GitLab restore hangs / is stuck on epoll_wait

Summary

When I try to restore a backup of GitLab, the restore process is stuck forever, no error, no warning, no way to know what's happening. Also, the process always hangs at the same place, with the same repository.

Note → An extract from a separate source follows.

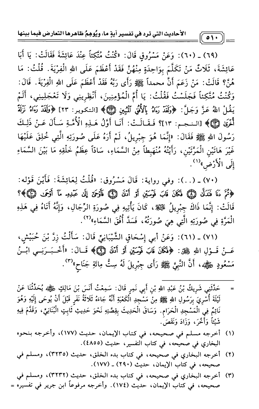 (69) ـ (60): وَعَنْ مَسْرُوقٍ قَالَ: «كُنْتُ مُتَّكِئًا عِنْدَ عَائِشَةَ فَقَالَتْ: يَا أَبَا عَائِشَةَ، ثَلَاثٌ مَنْ تَكَلَّمَ بِوَاحِدَةٍ مِنْهُنَّ فَقَدْ أَعْظَمَ عَلَى اللَّهِ الْفِرْيَةَ. قُلْتُ: مَا هُنَّ؟ قَالَتْ: مَنْ زَعَمَ أَنَّ محمداً - صلى الله عليه وسلم - رَأَى رَبَّهُ فَقَدْ أَعْظَمَ عَلَى اللَّهِ الْفِرْيَةَ. قَالَ: وَكُنْتُ مُتَّكِئًا فَجَلَسْتُ فَقُلْتُ: يَا أُمَّ الْمُؤْمِنِينَ، أَنْظِرِينِي وَلَا تَعْجَلِينِي، أَلَمْ يَقُلْ اللَّهُ عَزَّ وَجَلَّ: (وَلَقَدْ رَآهُ بِالْأُفُقِ الْمُبِينِ (23)) [التكوير: 23] (وَلَقَدْ رَآهُ نَزْلَةً أُخْرَى (13)) [النجم: 13]؟ فَقَالَتْ: أَنَا أَوَّلُ هَذِهِ الْأُمَّةِ سَأَلَ عَنْ ذَلِكَ رَسُولَ اللَّهِ - صلى الله عليه وسلم - فَقَالَ: «إِنَّمَا هُوَ جِبْرِيلُ، لَمْ أَرَهُ عَلَى صُورَتِهِ الَّتِي خُلِقَ عَلَيْهَا غَيْرَ هَاتَيْنِ الْمَرَّتَيْنِ، رَأَيْتُهُ مُنْهَبِطًا مِنْ السَّمَاءِ، سَادًّا عِظَمُ خَلْقِهِ مَا بَيْنَ السَّمَاءِ إِلَى الْأَرْضِ». (¬1)
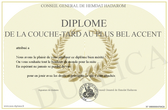 Envoyez par email votre Diplôme de la couche-tard au plus bel accent personalisé

Note that gitaly is separated from rails in this case.

Steps to reproduce

Here is what I'm doing. Backup a 100 GB instance, backup is 85 GB. Restore the backup on another instance. The process will run, until a certain point where it hangs. The restore process is executed with the --trace option, but logs are the same, there's nothing more than the repo, and [DONE] when it's done.

Example Project

N/A

What is the current bug behavior?

The restore process hangs.

What is the expected correct behavior?

Restore should work, or at least tell what's happening, and if something is not going well.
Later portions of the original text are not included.